今日は訪問診療を行っているレビー小体型の著効例をご報告します。

80歳台の男性。5年前に振戦・夜中の大声の寝言・意識消失があり別の医師によってレビー小体型と診断されています。長谷川式は26点でした。中核薬はずっと入っていません。ドプス・セルシンを使ってめまいで歩けなくなった既往あり。3年前から嗜眠、小刻み歩行、嚥下障害が出現。昨年には長谷川式が10点まで落ち、ドプスからネオドパゾールに変更されています。2回意識障害で総合病院に救急搬送されるも、器質的異常なく「脱水」と診断されていました。

 1年前に私が訪問診療の担当になりましたが、「よく転び、よく寝ている」状態をそのままに診ていた(いや、診ていなかったか)ことを自戒を込めてここに告白します。ただただ前医の処方を継続していたのです。訪問する度に、ベッドの上で猫のように体を丸め、起き上がった姿を見たことがありませんでした。全く動かないので冬は指の先まで冷え切って暗紫色になっていて、まさしく冬眠しているようでした。質問すると目をつぶったまま面倒くさそうに一言二言。

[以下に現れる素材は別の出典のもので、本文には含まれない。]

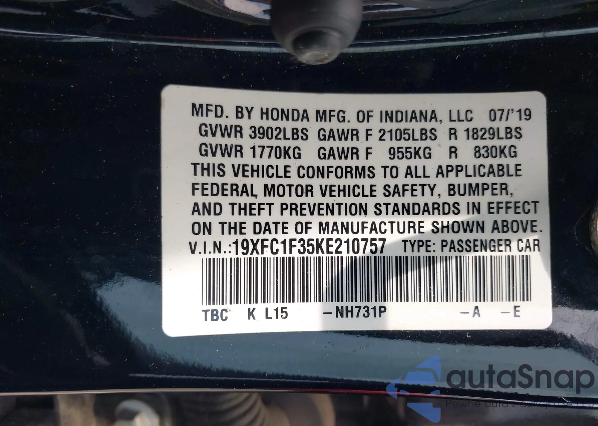 LOT: 42601703 VIN: 19XFC1F35KE210757

 6月の訪問時にご家族が「段々バカになる。」と言ったとカルテに記載あります。このころ遅ればせながらコウノメソッドによる患者さんの見直しを開始。6月中旬にセルシン2T2×を徐々に減らして中止。これだけで家族が「ずいぶん目が覚めた。」と言った時には、これまでの自分の怠慢を悔やみました。7月中旬にニコリン注射1回目、サアミオンを開始。河野先生に相談の上、ネオドパはレビー小体型に相性が悪いとのことでメネシットを院内採用して切り替え。そして8月中旬にイクセロンパッチ4.5mgを開始しました。

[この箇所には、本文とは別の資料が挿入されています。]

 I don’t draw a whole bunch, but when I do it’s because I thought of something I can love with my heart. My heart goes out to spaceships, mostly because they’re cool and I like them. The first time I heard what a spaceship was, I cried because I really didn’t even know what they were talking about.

 そしてつい先日の訪問で、嬉しい驚きが。私たちがお邪魔すると、座って待っていてくれている患者さんの姿が。目もしっかり開いて「昔は遊び人だったんだ。今は遊びにも行けないけど。」と言うなど、会話が普通に成り立ちます。歩いてもらうと膝が屈曲ぎみのパーキンソン歩行ですが、足取りはしっかりしていてご家族いわく「転ばなくなった」とのこと。更に嬉しいことに、最近は「相撲を見よう」とテレビをつけるように家族の方に頼んだり、自分から新聞を広げるようになったとのこと。レビー小体型で頭の中に霧がかかった状態から、霧がスーッとはれて集中力が増したのでしょうか。家族の方に「どの薬が一番効きましたか?」と聞くと「貼り薬が始まってから特にだね。今の薬とは相性がいいみたい。」と答えて下さいました。この日もニコリンを打ってきました。

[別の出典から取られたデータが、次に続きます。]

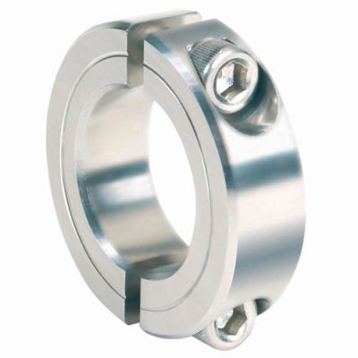 Corrosion resistant two-piece clamping collar cr2c-series, climax metal, 1/2" bore, 1-1/8" outside diameter. T316 stainless steel two-piece clamping collar. Design fully engages the shaft without marring.

 とにかく丁寧にやるべきことをやるだけですが、こんな風に著効する方がいるとますます頑張ろうと思います。レビー小体型は、治療によって運命が極端に左右されると言われる疾患と言われています。クスリのさじ加減によって、奇跡的な改善を見ることもある一方で、治療を間違えば死の淵まで追いつめられることもあると。この方は良い経過を辿りましたが、治療が間に合わなかったらと思うと…責任の重さを実感しました。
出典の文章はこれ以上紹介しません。